Open ksangeek opened 4 years ago

ksangeek commented 4 years ago

Describe the bug I see that the tests for nvlink related APIs fail on a machine without nvlink e.g. test_nvml_nvlink_properties(). Looking at the rc pynvml.nvml.NVMLError_NotSupported it is clear that the failure is because of the absence of nvlink. Opening this issue to check if there is a better way to handle these in the tests. Or is it too much of a work to bother about?
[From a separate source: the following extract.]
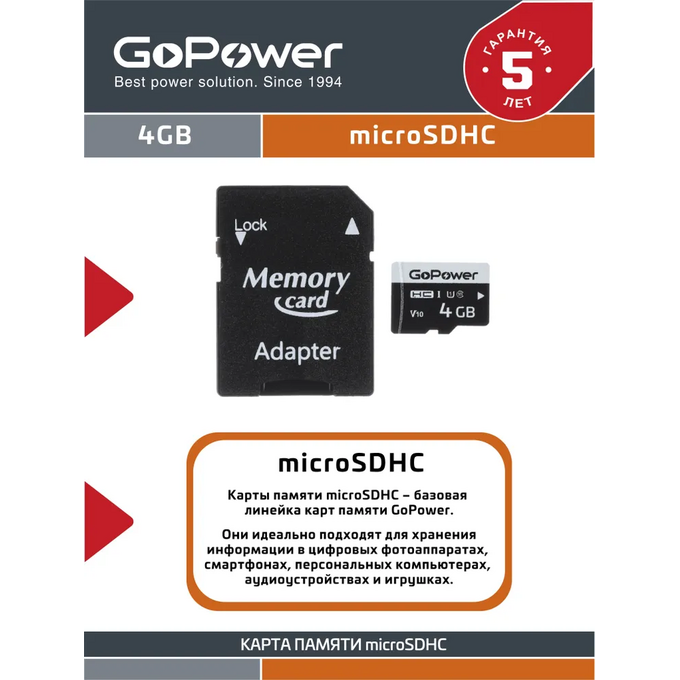 Карты памяти microSDHC – это базовая линейка карт памяти GoPower, они идеально подходят для хранения информации в цифровых фотоаппаратах, смартфонах, персональных компьютерах, аудиоустройствах и игрушках.

Steps/Code to reproduce bug pytest reports these kinds of failures for nvlink related testcases -

__________________________________ test_nvml_nvlink_properties ___________________________________

ngpus = 2
handles = [<pynvml.nvml.LP_struct_c_nvmlDevice_t object at 0x7f2f299bfc80>, <pynvml.nvml.LP_struct_c_nvmlDevice_t object at 0x7f2f299bfb70>]
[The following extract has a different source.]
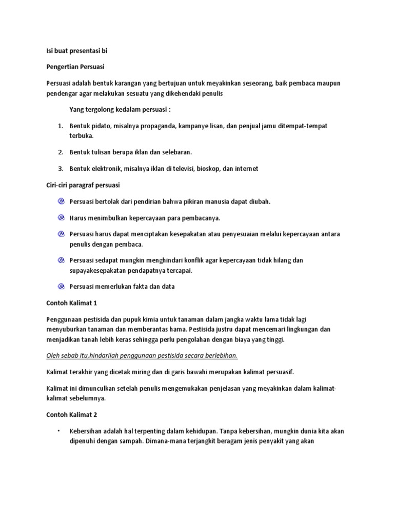 Buanglah selalu sampah pada tempatnya agar lingkungan tetap terjaga bersih. Contoh iklan persuasi merupakan lanjutan artikel mengenai paragraf persuasi atau karangan persuasisebelumnya yang belum paham betul tentang persuasi lihat dulu contoh paragraf persuasi atau persuasifsemoga artikel sebelumnya bisa membuat anda paham tentang persuasi. Jadi paragraf persuasif adalah paragraf yang isinya menyatakan suatu ajakan bujukan atau himbauan terhadap sesuatu dengan harapan agar pembaca mau. Sebelum membuat contoh paragraf persuasif kenali dulu ciri ciri pada kalimat persuasifberikut ini ciri ciri lengkapnya. Didalam kalimat persuasif memiliki sifat mengajak 2. Ciri ciri contoh paragraf persuasif.

    def test_nvml_nvlink_properties(ngpus, handles):
        for i in range(ngpus):
            for j in range(pynvml.NVML_NVLINK_MAX_LINKS):
>               version = pynvml.nvmlDeviceGetNvLinkVersion(handles[i], j)

test_nvml.py:238:
_ _ _ _ _ _ _ _ _ _ _ _ _ _ _ _ _ _ _ _ _ _ _ _ _ _ _ _ _ _ _ _ _ _ _ _ _ _ _ _ _ _ _ _ _ _ _ _ _
../../../../anaconda3/envs/pynvml_py36/lib/python3.6/site-packages/pynvml/nvml.py:2021: in nvmlDeviceGetNvLinkVersion
    check_return(ret)
_ _ _ _ _ _ _ _ _ _ _ _ _ _ _ _ _ _ _ _ _ _ _ _ _ _ _ _ _ _ _ _ _ _ _ _ _ _ _ _ _ _ _ _ _ _ _ _ _

ret = 3

    def check_return(ret):
        if (ret != NVML_SUCCESS):
>           raise NVMLError(ret)
E           pynvml.nvml.NVMLError_NotSupported: Not Supported

../../../../anaconda3/envs/pynvml_py36/lib/python3.6/site-packages/pynvml/nvml.py:366: NVMLError_NotSupported
------------------------------------- Captured stdout setup --------------------------------------
[2 GPUs]
rjzamora commented 4 years ago

Thanks for raising @ksangeek - You are correct that the test suite assumes NVLink is supported on the machine being queried. It certainly makes sense to skip tests that do not apply to the target machine (especially if/when we start introducing CI).

For NVLink, we can probably try to call nvmlDeviceGetNvLinkVersion on the 0th device within a module-level fixture, and then catch the NVMLError_NotSupported error to specify if NVLink is not supported.